Uhrig used the exercise to show the participants the importance of using professional interpreters with crime victims. She also spoke to the need to be aware of the cultural background of a victim and influences of families or religion on his or her behavior.

The daylong event drew about 85 people to First Presbyterian Church, where featured speakers broke the crowd into smaller groups in two rooms of the church hall. Participants came from the school system, courts, social services and the health care field. Topics included elder sexual abuse; female offenders; batterer's intervention programs; compassion fatigue; and substance abuse with domestic violence.

One of the topics involved religious perspectives on domestic violence.

Terri O'Brien, director of education at Sunrise, spoke about ways of reading the Bible with religious Christian victims whose abusers use Scripture to justify dominant or violent behavior. If a victim is religious and those views aren't addressed, she will not completely overcome her trauma, O'Brien said.

"There's a difference between proselytizing and addressing someone's spiritual needs," she said. To counter many victims' remarks that the abuse is "God's will," or that they need to "keep praying," O'Brien encouraged the group members to point out places in the Bible that show Jesus was not a violent person and that victims should pray for strength instead of thinking they can change someone else.

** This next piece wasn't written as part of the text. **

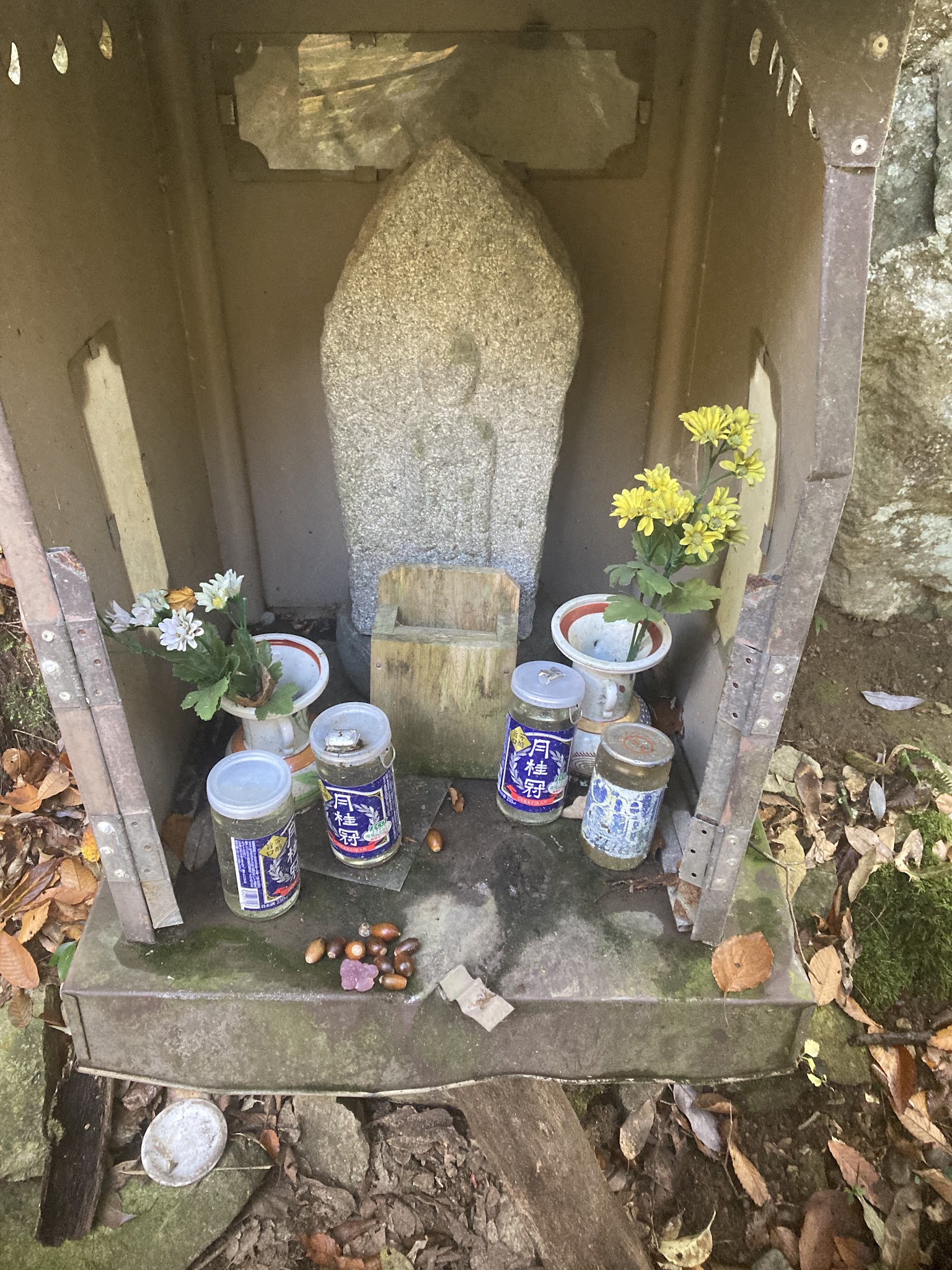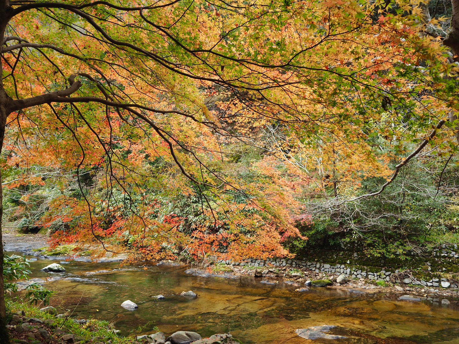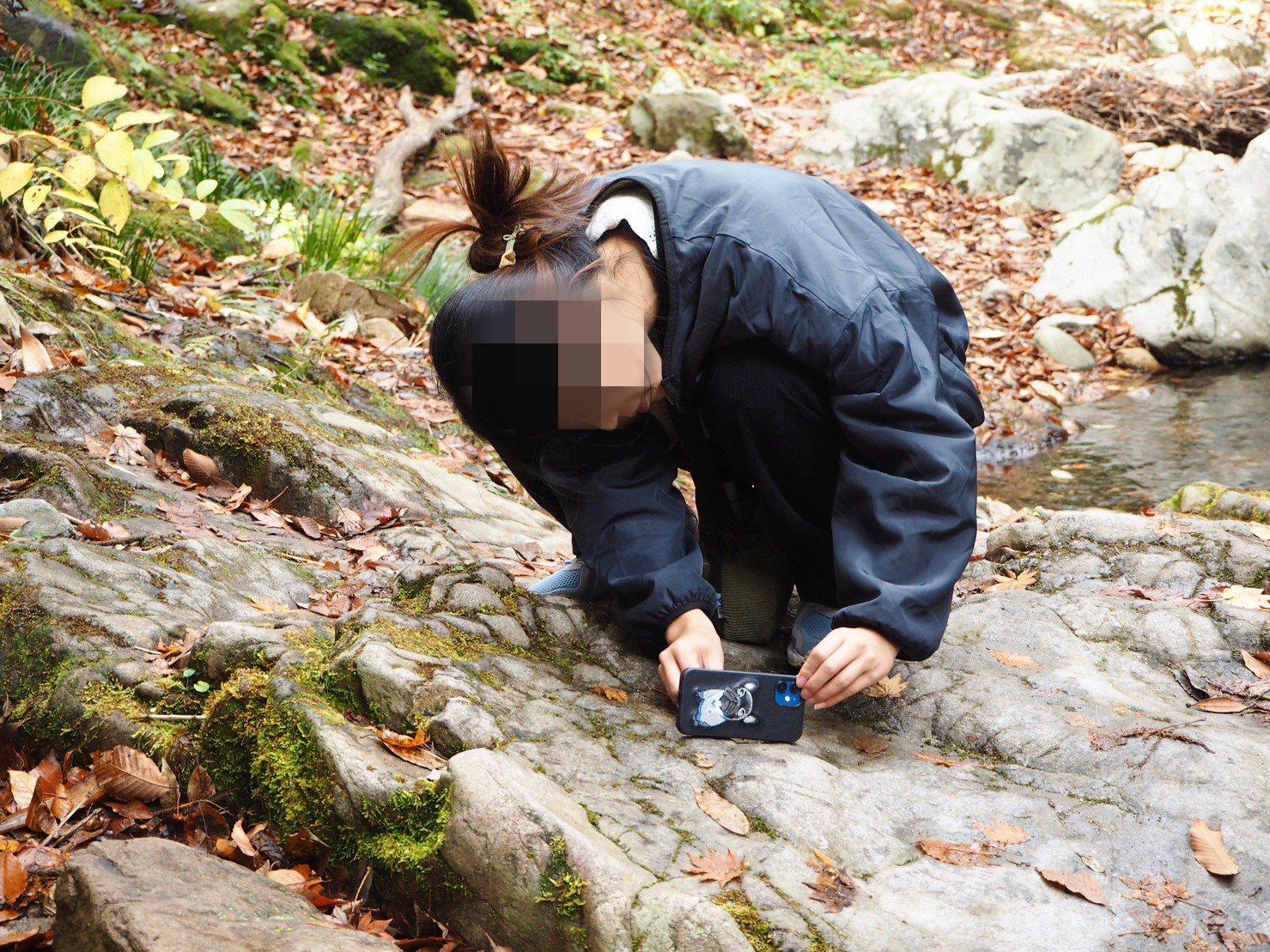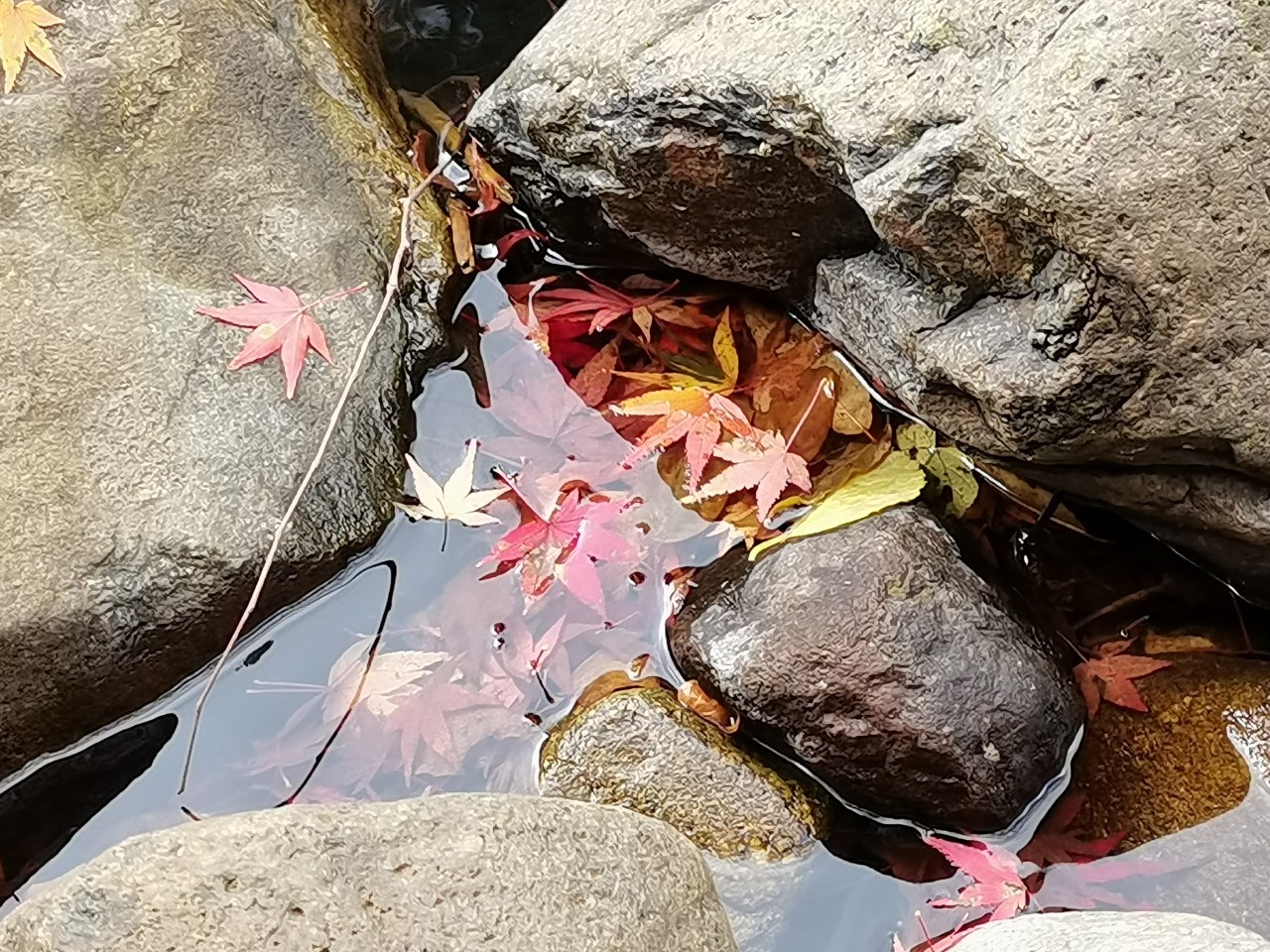 这里的路还算好走。有沿河的,不过部分封了,现在只有山侧的路。有时候要走些斜坡。我们在落叶下徒步很有意境。

"They need to understand, they cannot control their partner's behavior," she said.

Participants dissected passages in the Bible that could be used to justify dominance and violence by an abuser and turned them around for another interpretation. For instance, in Genesis, where God takes Adam's rib to create Eve, instead of reading that as man's primacy over woman, the event shows the partnership between the sexes, they agreed.

"(Women) are there to help (men's) life, not to go get your shoes or make your dinner," said Scott Leu, a school social worker.

And where the Bible says that husbands should be the heads of their wives as Christ is the head of his church, the group said that means the husband puts the wife above everything else with reverence and respect.

"With power and control?" O'Brien said. "Absolutely not."

At the end of the day, O'Brien said the conference proved a great way to help social service providers in many walks of life be aware of domestic violence.

"The more people we train on issues of trauma, the better off we all are," O'Brien said.